Many relational database management systems (RDBMS) have a query optimizer. The
job of the query optimizer is to determine the most efficient and fast plan to
execute a given SQL query. Query optimizer has to consider all possible query
execution plans before it can determine which plan is the optimal plan for
executing the given SQL query and then compile and execute that query.
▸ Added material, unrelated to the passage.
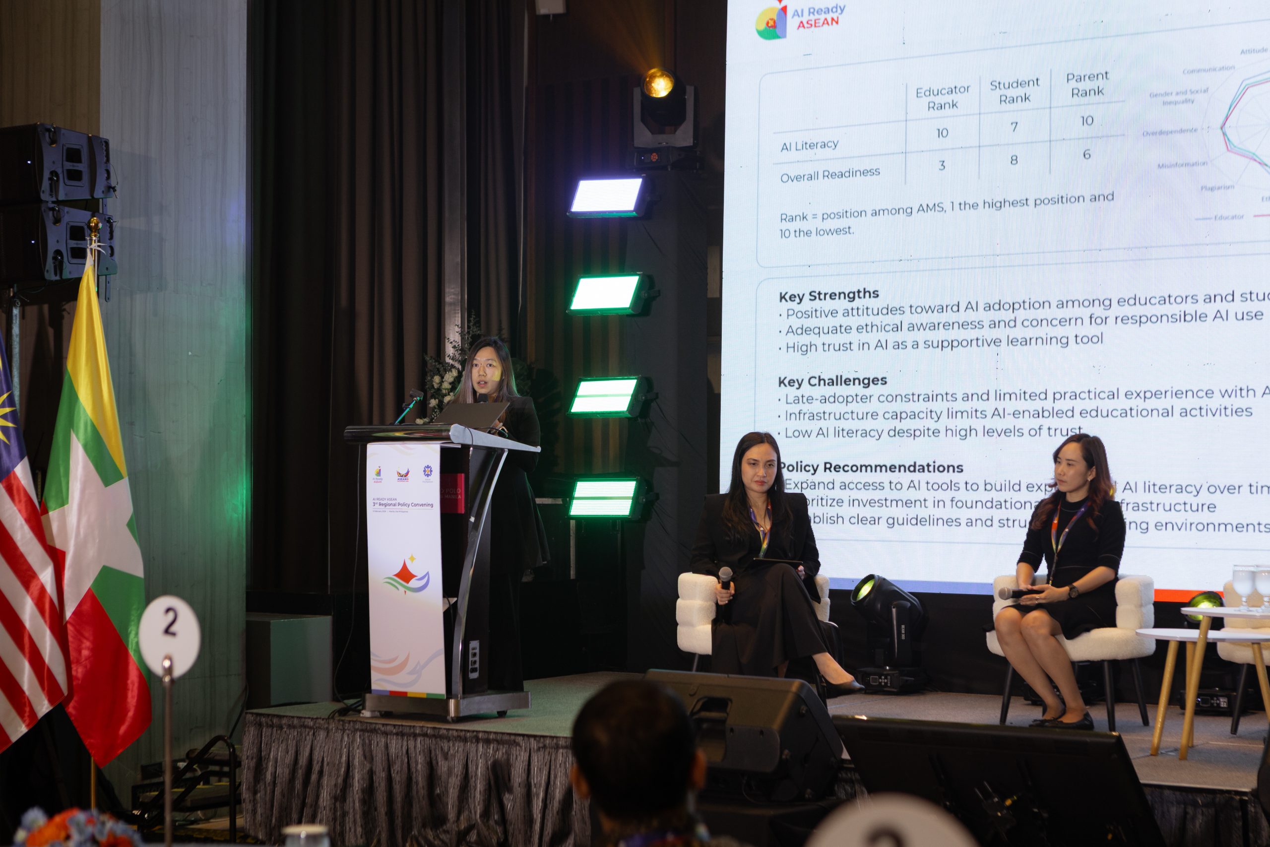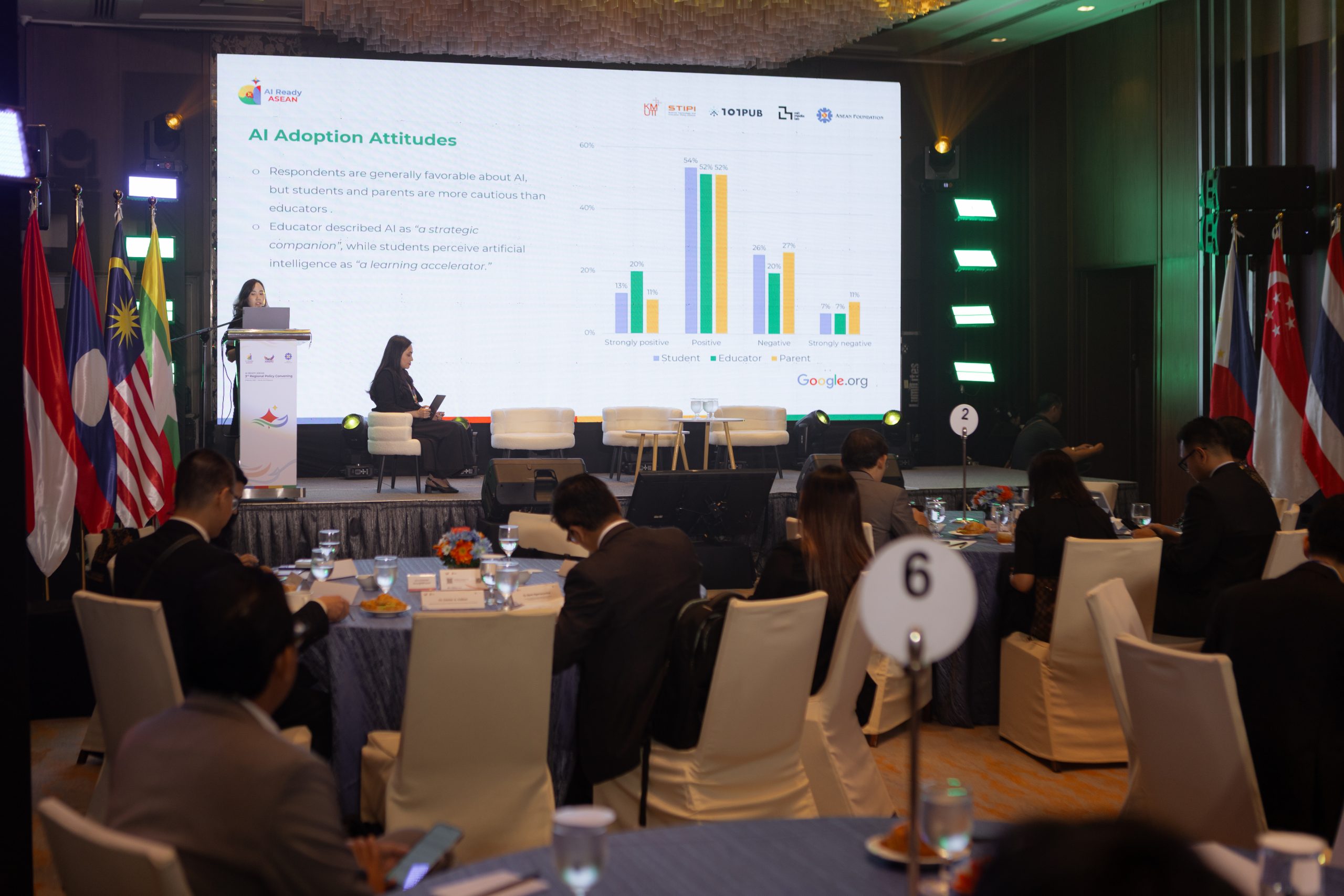 การประชุมครั้งนี้ คณะนักวิจัยได้นำเสนอผลการศึกษาจากโครงการ “Assessing Artificial Intelligence Readiness in ASEAN Educational Contexts” ซึ่งได้รับทุนสนับสนุนจาก ASEAN Foundation และ Google.org โดยมีความร่วมมือทางวิชาการร่วมกับ ผศ.ดร.พัทน์ ภัทรนุธาพร จาก Massachusetts Institute of Technology (MIT) และ 101PUB ประเทศไทย

An optimal plan is chosen by the query optimizer by calculating the cost of each
possible plans. Typically, when the number of tables referenced in a join query
increases, then the time spent in query optimization grows exponentially which
often affects the system's performance. The fewer the execution plans the query
optimizer needs to evaluate, the lesser time is spent in compiling and executing
the query.

As an application designer, we might have more context about the data stored in
our database. With the contextual knowledge about our database, we might be able
to choose a more efficient execution plan than the query optimizer.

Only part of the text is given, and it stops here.